On Fri, Apr 21, 2023, 10:29 AM Rick Macklem <rick.macklem@gmail.com> wrote:

> On Thu, Apr 20, 2023 at 8:08 PM yangjing (U) <yangjing8@huawei.com> wrote:
> >
> > Hi Rick, Thanks for your comments and sorry for the late response ^_^
> >
> >
> > On Mon, Apr 10, 2023 at 2:20 PM Rick Macklem <rick.macklem@gmail.com>
> wrote:
> > >
> > > On Mon, Apr 10, 2023 at 1:58 PM Rick Macklem <rick.macklem@gmail.com>
> wrote:
> > > >
> > > > On Mon, Apr 10, 2023 at 1:15 PM Rick Macklem <rick.macklem@gmail.com>
> wrote:
> > > > >
> > > > > On Sun, Apr 9, 2023 at 11:39 PM yangjing (U)
> > > > > <yangjing8=40huawei.com@dmarc.ietf.org> wrote:
> > > > > >
> > > > > > The draft is updated as
> > > > > > https://www.ietf.org/archive/id/draft-mzhang-nfsv4-sequence-id-c
> > > > > > alibration-02.txt
> > > > > Here are a few generic comments about the draft (I know nothing
> > > > > about detailed formatting, etc).
> > > > >
> > > > > 1 - It is my understanding that new operations can only be added
> > > > > to minor version 2 and not
> > > > >      minor version 1.
> >
> > I agree with you,  If new operations can only be added to minor version
> 2.
> >
> > > > > 2 - I largely agree with what Tom Talpey said in his comments. I
> > > > > think you need to figure out
> > > > >      how/when the sequenceid is getting messed up.

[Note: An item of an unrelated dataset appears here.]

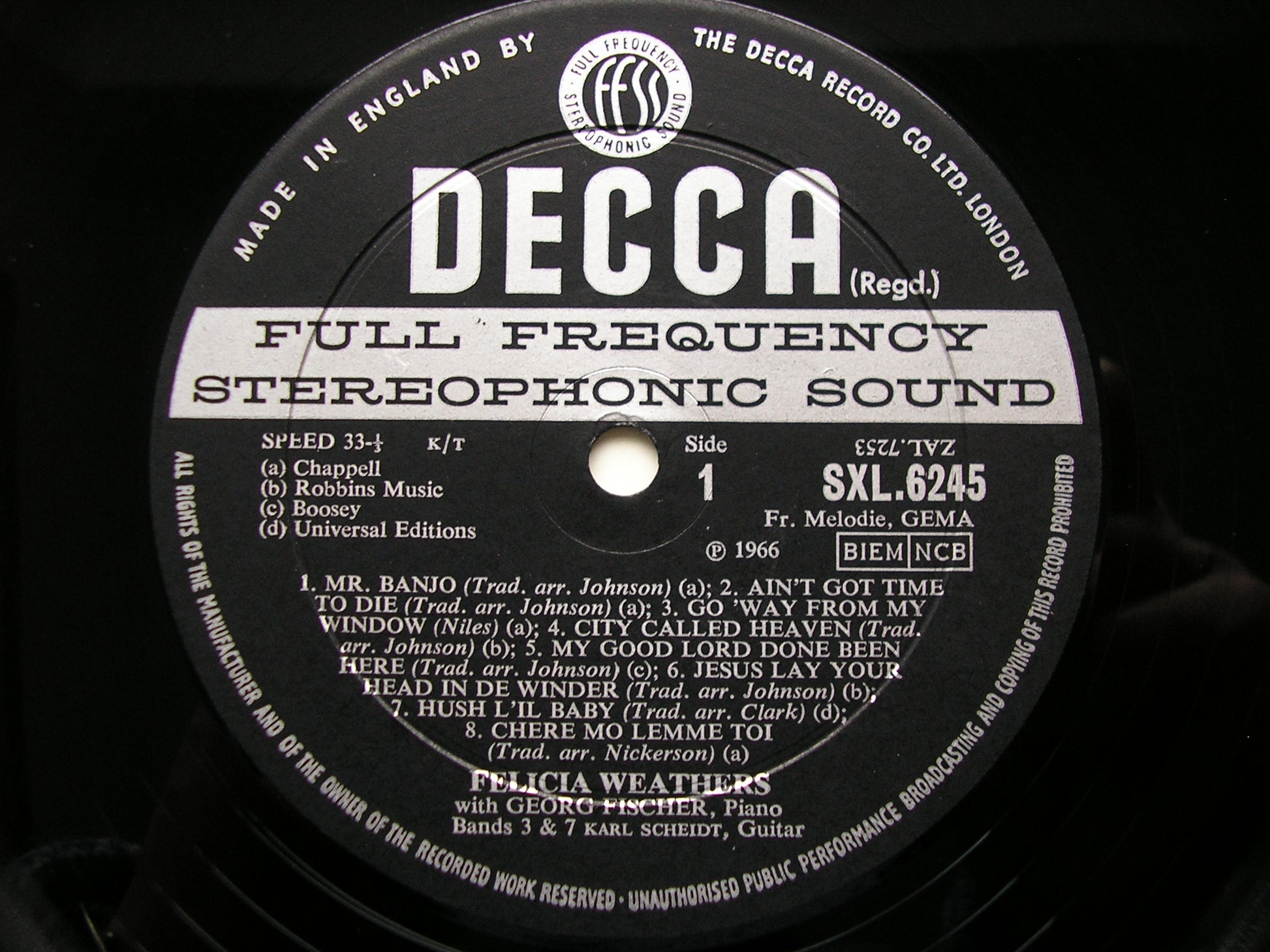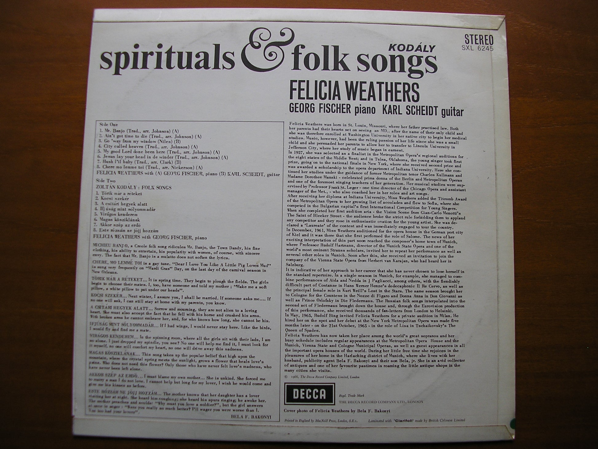 SXL 6245 SPIRITUALS / KODALY: FOLK SONGS    FELICIA WEATHERS / GEORG FISCHER piano / KARL SCHEIDT guitar

> > > > >      Note that it is my understanding that the main purpose of
> > > > > sessions is to achieve
> > > > >      "exactly once RPC semantics" (the fact that the reply cache
> > > > > is bounded in size is a nice
> > > > >      added feature, but not the principal purpose).
> > > > >      As such, a sequenceid being misordered implies that "exactly
> > > > > once" semantics could
> > > > >      already have been broken by a software bug in the client.
> > > > >
> > > > >      You note that the misordered sequenceid could be caused by
> > > > > "network partitioning".
> > > > >      In a correct implementation that should not be the case.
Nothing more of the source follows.